33 Ga. App. 598 | Ga. Ct. App. | 1925

Bloodwoeth, J.

1. The court having charged the jury that, “to warrant a conviction on circumstantial evidence, the proved facts must not only *599be consistent with the hypothesis of guilt, but must exclude every other hypothesis save that of the guilt of the accused” (Penal Code of 1910, § 1010), it was not necessary to give this instruction again in connection with the instruction, given in another part of the charge of the court, that if, upon a consideration of the case, the jury believed beyond a reasonable doubt that the defendant was guilty, it was their duty to find him guilty. There is no merit in the ground of the motion for a new trial in which it is contended that the former instruction should have been given in immediate connection with the latter for the reason that, “the State having to rely in this case entirely upon circumstantial evidence for a conviction, the charge should not have been so far as to overshadow, minimize, or distract from the attention of the jury the rule of law applicable to circumstantial evidence.” See Buckhanon v. State, 151 Ga. 827 (4) (108 S. E. 209); McNaughton v. State, 136 Ga. 612 (2) (71 S. E. 1038); Knight v. State, 148 Ga. 41 (5) (95 S. E. 679); Copeland v. State, 33 Ga. App. 150 (2) (125 S. E. 781).

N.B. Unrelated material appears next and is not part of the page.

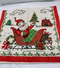 Vintage Linen Tea Towel Christmas Santa Sleigh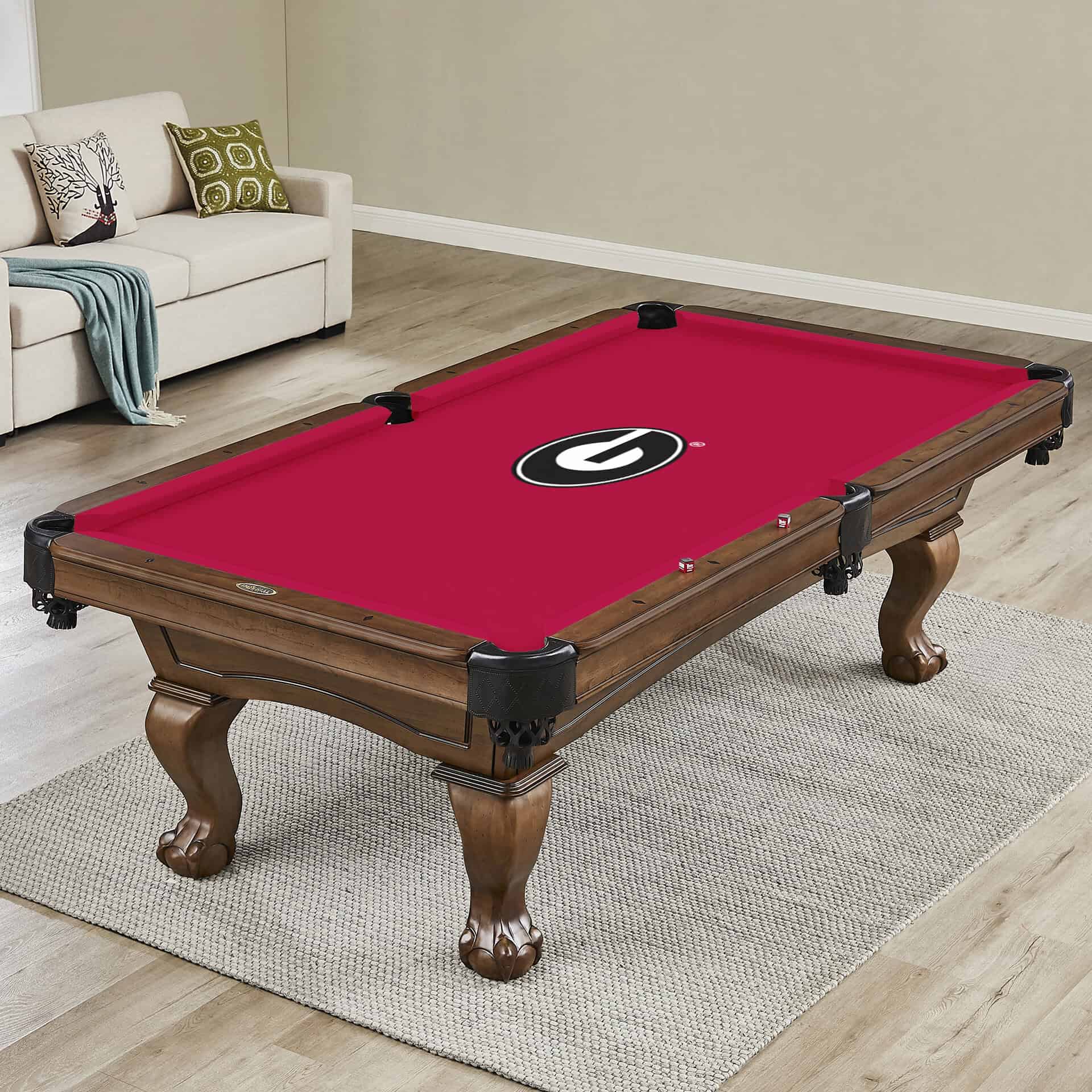 Show off your Georgia Bulldogs pride with this officially licensed 8 ft Pool Table Cloth! Upgrade your game room and let everyone know who you’re rooting for. This cloth is custom printed with high-quality materials and vibrant dyes, ensuring durability and a fantastic look. Get ready for a superior playing experience! The anti-friction coating provides consistent English and reduces ball marks, keeping your cloth looking great longer.

Decided March 27, 1925. R. A. Hendricks, for plaintiff in error.

2. In Buchanan v. State, 118 Ga. 751 (45 S. E. 607), the court said: “Where a ground of a motion for a new trial complained that a member of the jury which convicted the accused was related by consanguinity to the prosecutrix within the prohibited degrees, which fact had been discovered by the accused since the trial, and upon the hearing of the motion affidavits were introduced to support this ground, and the State introduced affidavits to the effect that no such relationship existed, this court will not interfere with a finding by the trial judge, upon the issue of fact thus made,'adverse to the contention of the accused.” The facts in the case under consideration are so very much like those in the ease cited that the ruling therein is controlling on this point.

3. This court can not say, as a matter of law, that there is no evidence to support the finding of the jury; and as the verdict has the approval of the trial judge and no error of law was committed on the trial, this court is powerless to interfere.

Judgment affirmed.

Broyles, C. J., and Luke, J., eonatvr.